Monday, February 11, 2008

Raspberry Almond Bars

Simple to make, but it's a layering proccess, so it takes a little time. I really enjoy these little treats and think they are very elegant, so I often make them for showers or nice events.

BASE:
1 C flour
1/3 C marg. or butter, softened
1/4 C firmly packed brown sugar
*Combine ingredients and mix well. Press into ungreased 9" square pan (or similar dimensions like 7 x 11). Bake 375 for 8-10 min.

LAYER 2:
1/2 C raspberry jam
*Carefully spread jam over base; cool slightly.

LAYER 3:
1/2 C flour
2/3 C sugar
1/2 C marg. or butter, softened
1/2 t. almond extract
2 eggs
*Combine ingredients and blend until smooth. Spread gently over jam. Bake 375 for an additional 25 min. or until light brown. Cool completely.

ICING:
3/4 C powdered sugar
2 T. marg or butter, softned
1/2 t. almond extract
1-2 t. milk
*Combine, adding enough milk for icing to spread easily, blend until smooth. Spread on cooled bar.
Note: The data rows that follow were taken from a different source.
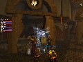 The graphics in this game are good, but not great. What matters most to me personally is that they're serviceable, contain consistent artistic style, and don't lag. On those three counts, I'm happy to report Turbine has done a great job. The model sculpting is fantastic, and the animations are smooth as silk. Textures are a mixed bag of extremely high detail on avatars and building surfaces, with low-resolution corner cutting on things like spider webs and piles of debris. The lighting is decent, with strong relative source use (meaning a torch throws light in all the right directions according to objects around it), although the shadows aren't the most realistic I've ever seen. At least they aren't Lineage 2-bad.
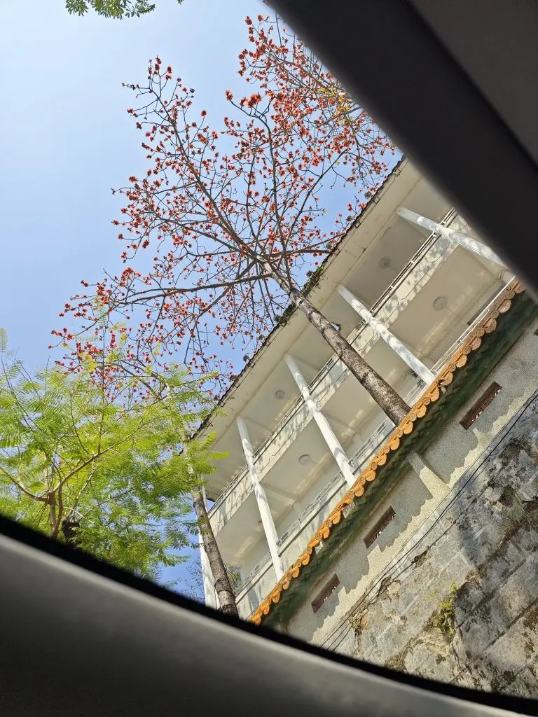 透过天窗仰望红得似火的木棉花,
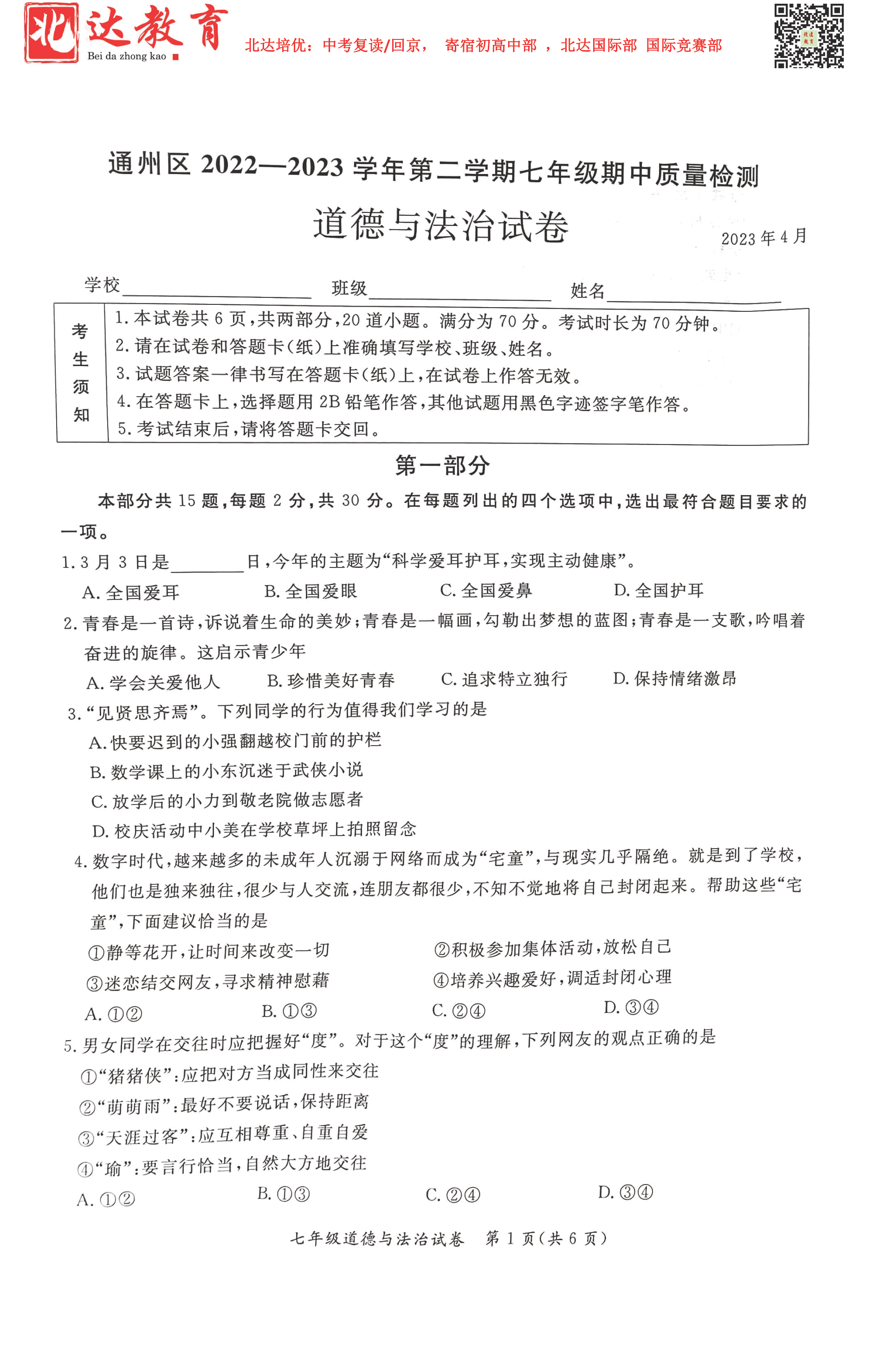 首页 初一试题 2023北京通州区初一下期中道德与法治试题及答案
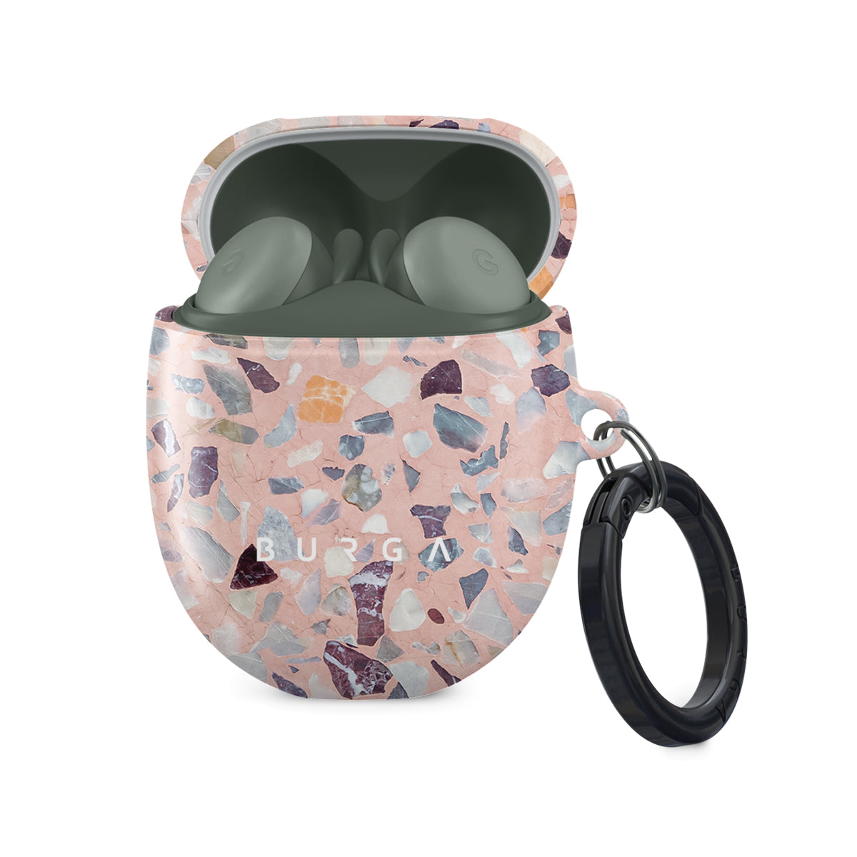 This terrazzo-inspired and very colorful Google Pixel Buds A case cover will definitely add some playfulness to your device and your style. With the colorful specks reminding of crushed candy, you will make your Google Pixel Buds A stand out. Our case fits perfectly snug around Google Pixel Buds A . “Like a glove!” one might say. And it won’t disrupt the wireless charging capabilities of the newer model. There’s even an LED light indicator to prove it (don’t worry, wired charging still works, too). When fitted, the BURGA case will protect the delicate Google Pixel Buds A case beneath it from scratches, bumps, and drops while remaining scratch-free itself. Our signature design pattern prints are High Quality, and will never peel or fade away- thanks to our unique printing technology. And finally, a handy carabiner is there to make your life easier and more convenient: just snap it around your keys or belt loop and tackle the day head-on. Your music is right there by your side when you need it.

ALMOND TOPPING: (if desired)
*Top with 1/4 C sliced almonds, toasted. Cut into 36 bars.
NOTE: To toast almonds, spread on cookie sheet; bake 375 for 5-10 min.

2 comments:

Becky said...

Janell is this what you made yesterday?? If it is, these are to die for!!!!

Janell said...

Yes, these are the very same. Thanks for the awesome recipe, Bethany!